We can look at the number of significant gene sets for each donor.

## simpler version
df_camera_all_unst %>% 
    dplyr::filter(stat == "logFC") %>%
    group_by(donor, msigdb_collection) %>%
    dplyr::summarise(n_sig = sum(FDR < 0.05)) %>% ungroup() %>% 
    dplyr::mutate(donor = factor(donor, levels = rev(levels(factor(donor))))) %>%
    ggplot(aes(y = n_sig, x = donor)) +
    geom_point(alpha = 1, size = 4) +
    facet_wrap(~ msigdb_collection, scales = "free_x") + 
    scale_fill_brewer(palette = "Accent") +
    coord_flip() +
    theme_bw(16) +
    xlab("Donor") + ylab("Number of significant genesets (FDR < 5%)") +
    ggtitle("Camera MSigDB gene set enrichment by line")

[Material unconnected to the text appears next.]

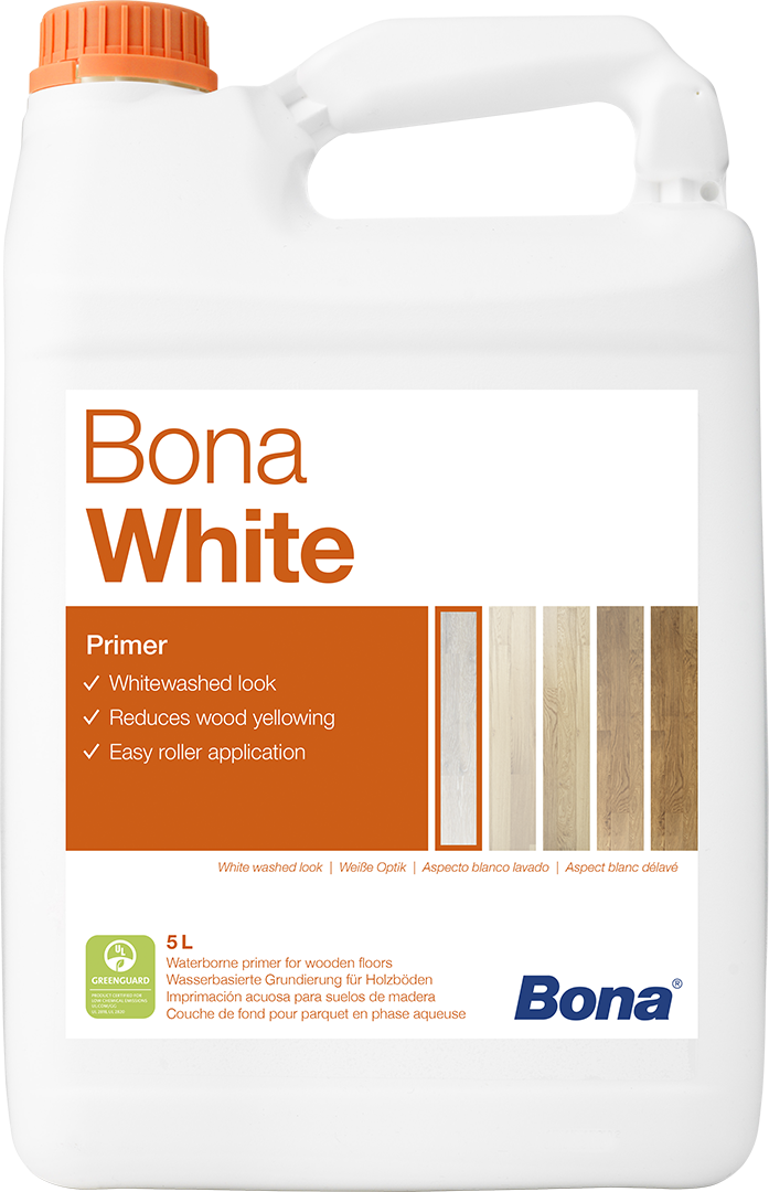 The intensity and depth of colour can be controlled by the number of applications. For the best appearance combine Bona White with Traffic HD Raw, Traffic HD Extra Matt, Traffic GO Extra Matt & Ultra Matt, Bona Mega EVO Ultra Matt & Extra Matt or Bona Mega ONE Extra Matt.

Expand here to see past versions of alldonors_camera_enrichment_by_donor_simple-1.png:
Version Author Date
d2e8b31 davismcc 2018-08-19

ggsave("figures/differential_expression/alldonors_camera_enrichment_by_donor_simple.png", 
       height = 7, width = 10)
ggsave("figures/differential_expression/alldonors_camera_enrichment_by_donor_simple.pdf", 
       height = 7, width = 10)
ggsave("figures/differential_expression/alldonors_camera_enrichment_by_donor_simple.svg", 
       height = 7, width = 10)

We can look at the effect of the the number of cells for each donor on the DE results obtained.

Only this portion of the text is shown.